(Records provided begins)
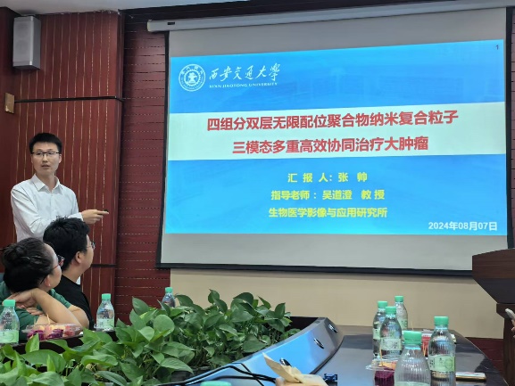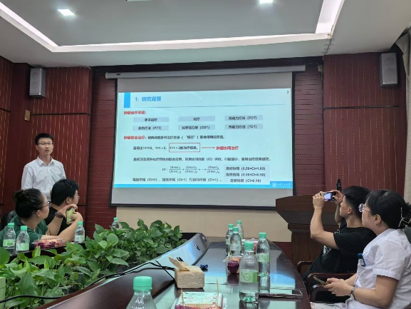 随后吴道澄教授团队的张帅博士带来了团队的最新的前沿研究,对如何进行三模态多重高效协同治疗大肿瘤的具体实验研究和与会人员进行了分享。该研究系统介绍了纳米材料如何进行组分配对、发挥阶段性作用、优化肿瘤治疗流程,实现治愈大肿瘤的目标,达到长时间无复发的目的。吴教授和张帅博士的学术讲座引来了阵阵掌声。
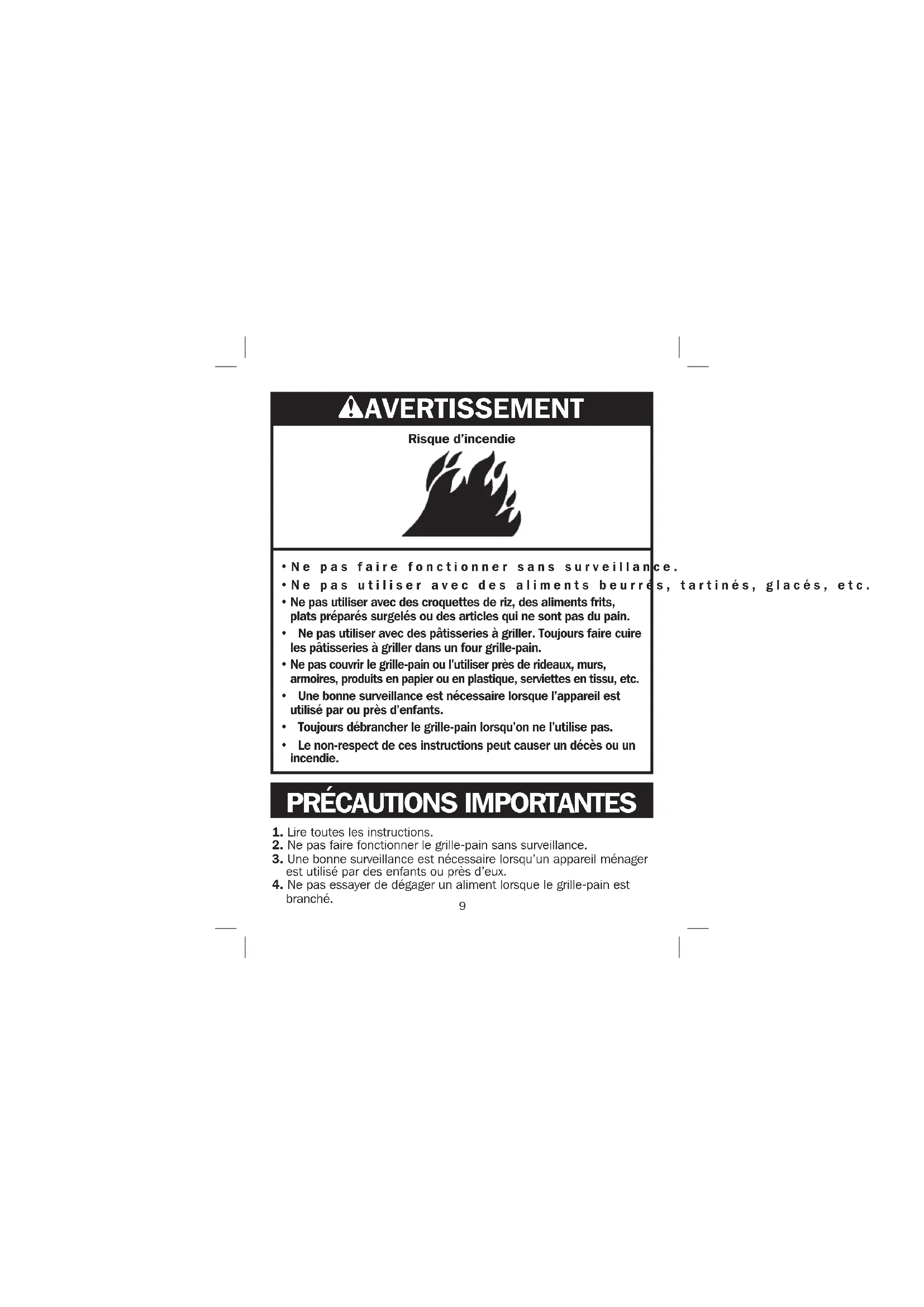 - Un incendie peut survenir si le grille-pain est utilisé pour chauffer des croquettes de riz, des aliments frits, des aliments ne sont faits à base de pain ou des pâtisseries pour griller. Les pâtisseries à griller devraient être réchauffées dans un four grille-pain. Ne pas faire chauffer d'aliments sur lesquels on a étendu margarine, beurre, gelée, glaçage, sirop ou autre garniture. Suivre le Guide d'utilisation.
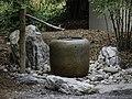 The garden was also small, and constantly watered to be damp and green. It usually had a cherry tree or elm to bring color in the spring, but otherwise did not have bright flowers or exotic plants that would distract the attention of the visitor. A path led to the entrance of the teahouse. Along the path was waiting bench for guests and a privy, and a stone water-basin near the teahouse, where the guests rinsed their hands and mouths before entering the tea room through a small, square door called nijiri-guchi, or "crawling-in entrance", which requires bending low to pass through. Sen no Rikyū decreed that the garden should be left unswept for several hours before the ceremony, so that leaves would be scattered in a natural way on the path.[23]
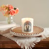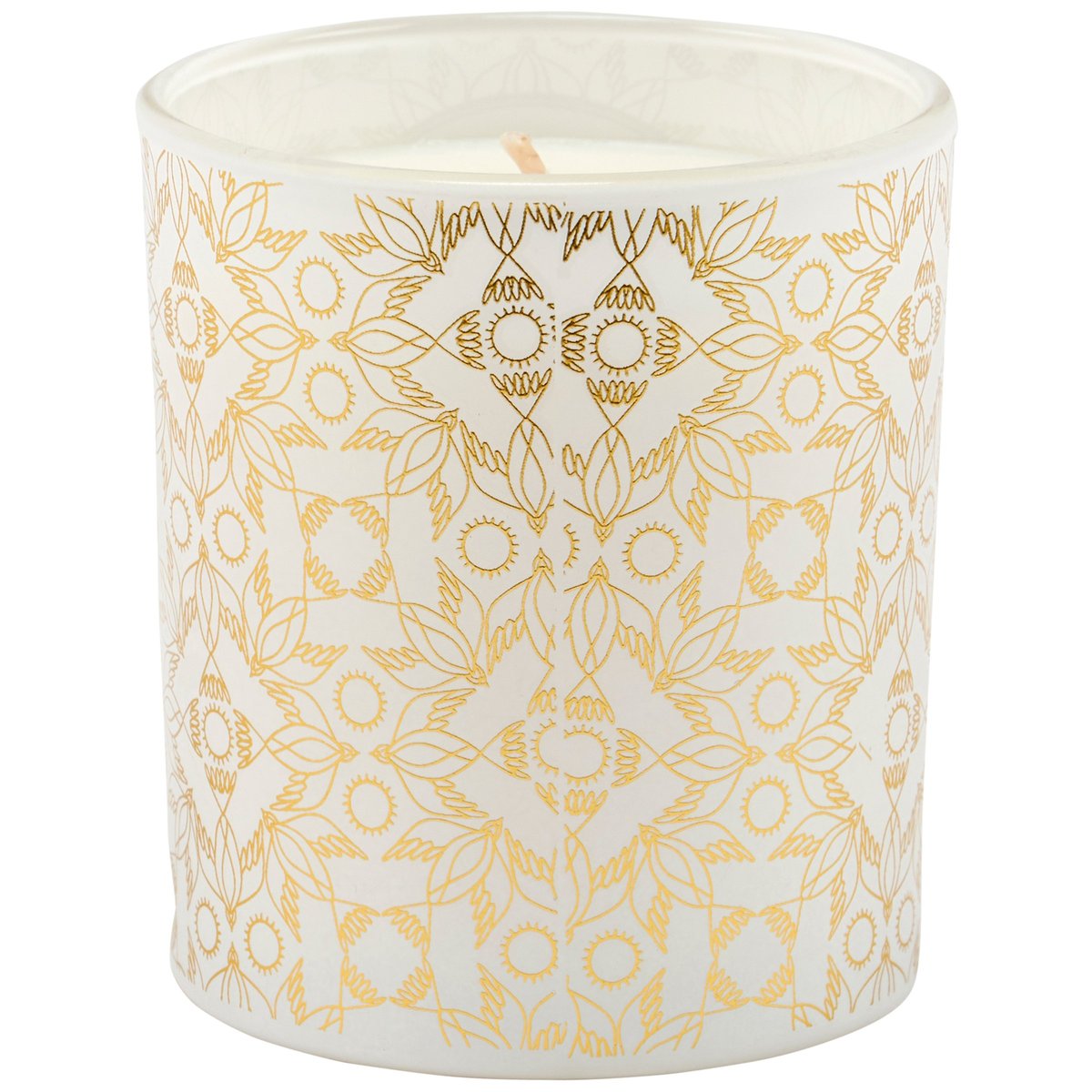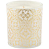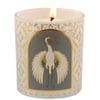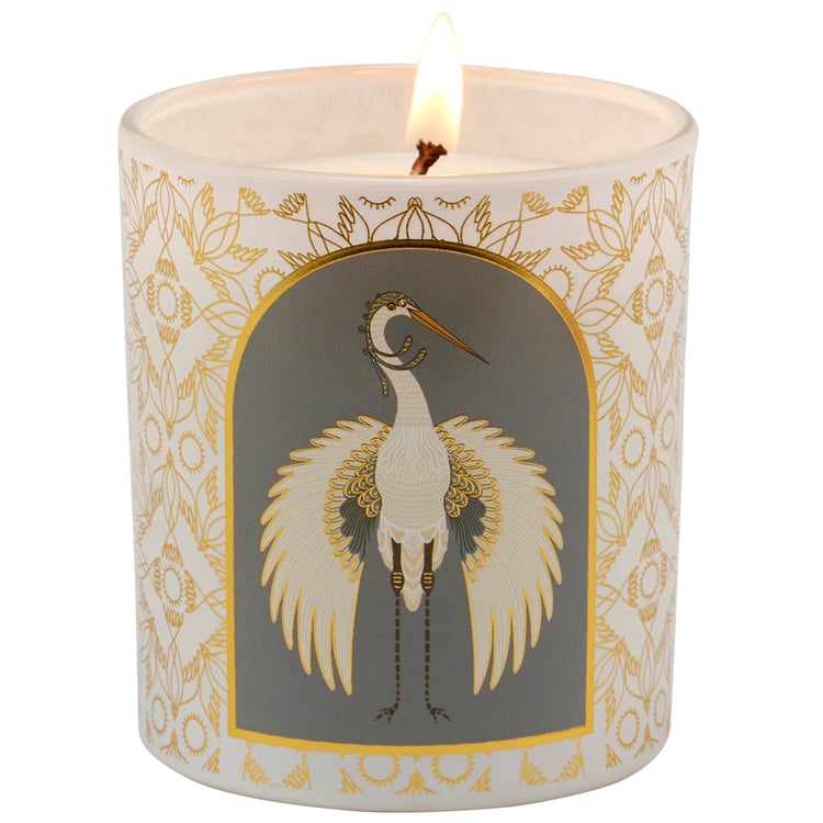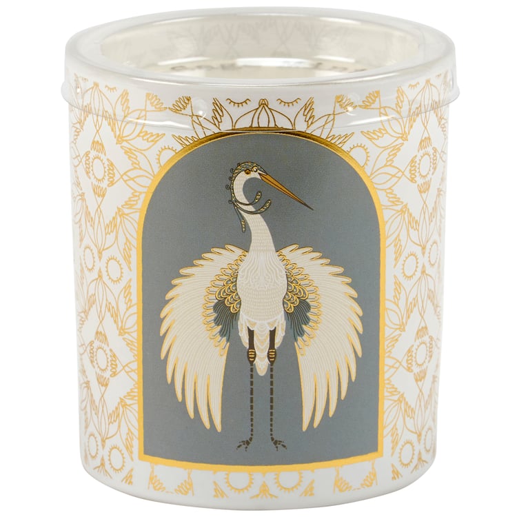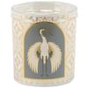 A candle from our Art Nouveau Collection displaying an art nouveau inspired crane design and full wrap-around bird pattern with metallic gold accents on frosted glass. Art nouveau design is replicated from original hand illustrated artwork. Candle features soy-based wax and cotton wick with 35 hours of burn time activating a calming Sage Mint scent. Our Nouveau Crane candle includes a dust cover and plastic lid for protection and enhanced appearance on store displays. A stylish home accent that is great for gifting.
(Records provided ends)
(Records provided begins)
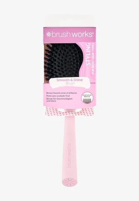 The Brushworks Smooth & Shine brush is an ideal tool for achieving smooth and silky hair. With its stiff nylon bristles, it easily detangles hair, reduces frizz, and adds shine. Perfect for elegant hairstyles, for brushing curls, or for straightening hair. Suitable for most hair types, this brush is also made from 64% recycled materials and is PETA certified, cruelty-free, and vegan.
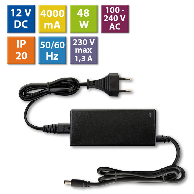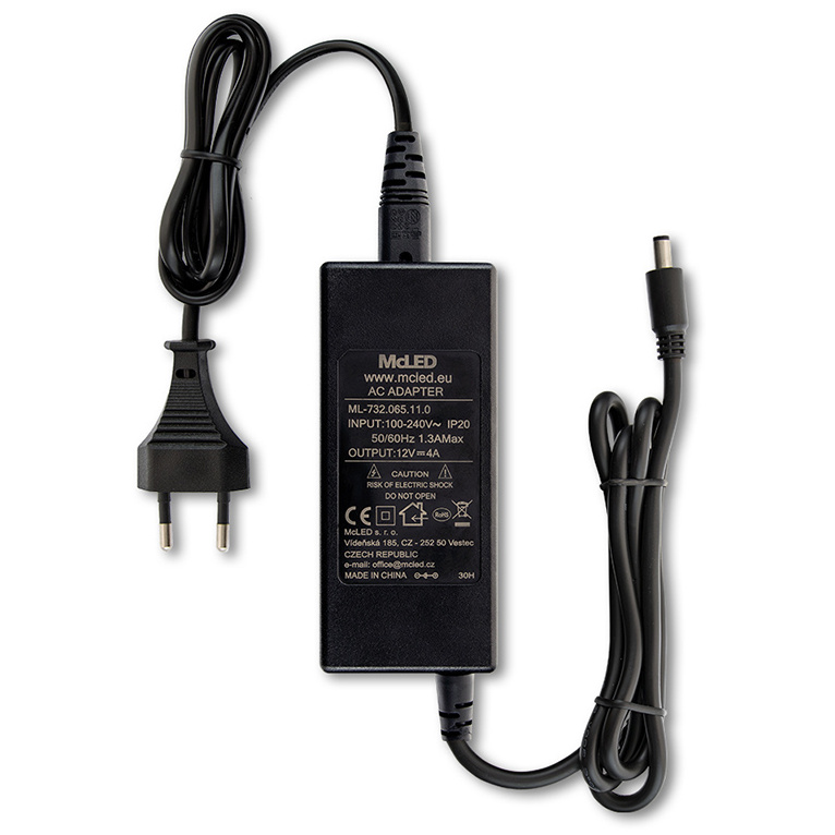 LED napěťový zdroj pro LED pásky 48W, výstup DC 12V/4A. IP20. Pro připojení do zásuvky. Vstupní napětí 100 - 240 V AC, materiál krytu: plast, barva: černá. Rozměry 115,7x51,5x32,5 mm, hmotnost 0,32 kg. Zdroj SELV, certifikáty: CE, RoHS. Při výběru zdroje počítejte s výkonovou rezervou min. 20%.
(Records provided ends)
Task prompt: The line holding "随后吴道澄教授团队的张帅博士" starts the copy and the line holding "A candle from" ends it. Repeat those two lines above and all between them exactly, leaving out pictures.

Answer to this exercise:
 随后吴道澄教授团队的张帅博士带来了团队的最新的前沿研究,对如何进行三模态多重高效协同治疗大肿瘤的具体实验研究和与会人员进行了分享。该研究系统介绍了纳米材料如何进行组分配对、发挥阶段性作用、优化肿瘤治疗流程,实现治愈大肿瘤的目标,达到长时间无复发的目的。吴教授和张帅博士的学术讲座引来了阵阵掌声。
 - Un incendie peut survenir si le grille-pain est utilisé pour chauffer des croquettes de riz, des aliments frits, des aliments ne sont faits à base de pain ou des pâtisseries pour griller. Les pâtisseries à griller devraient être réchauffées dans un four grille-pain. Ne pas faire chauffer d'aliments sur lesquels on a étendu margarine, beurre, gelée, glaçage, sirop ou autre garniture. Suivre le Guide d'utilisation.
 The garden was also small, and constantly watered to be damp and green. It usually had a cherry tree or elm to bring color in the spring, but otherwise did not have bright flowers or exotic plants that would distract the attention of the visitor. A path led to the entrance of the teahouse. Along the path was waiting bench for guests and a privy, and a stone water-basin near the teahouse, where the guests rinsed their hands and mouths before entering the tea room through a small, square door called nijiri-guchi, or "crawling-in entrance", which requires bending low to pass through. Sen no Rikyū decreed that the garden should be left unswept for several hours before the ceremony, so that leaves would be scattered in a natural way on the path.[23]
 A candle from our Art Nouveau Collection displaying an art nouveau inspired crane design and full wrap-around bird pattern with metallic gold accents on frosted glass. Art nouveau design is replicated from original hand illustrated artwork. Candle features soy-based wax and cotton wick with 35 hours of burn time activating a calming Sage Mint scent. Our Nouveau Crane candle includes a dust cover and plastic lid for protection and enhanced appearance on store displays. A stylish home accent that is great for gifting.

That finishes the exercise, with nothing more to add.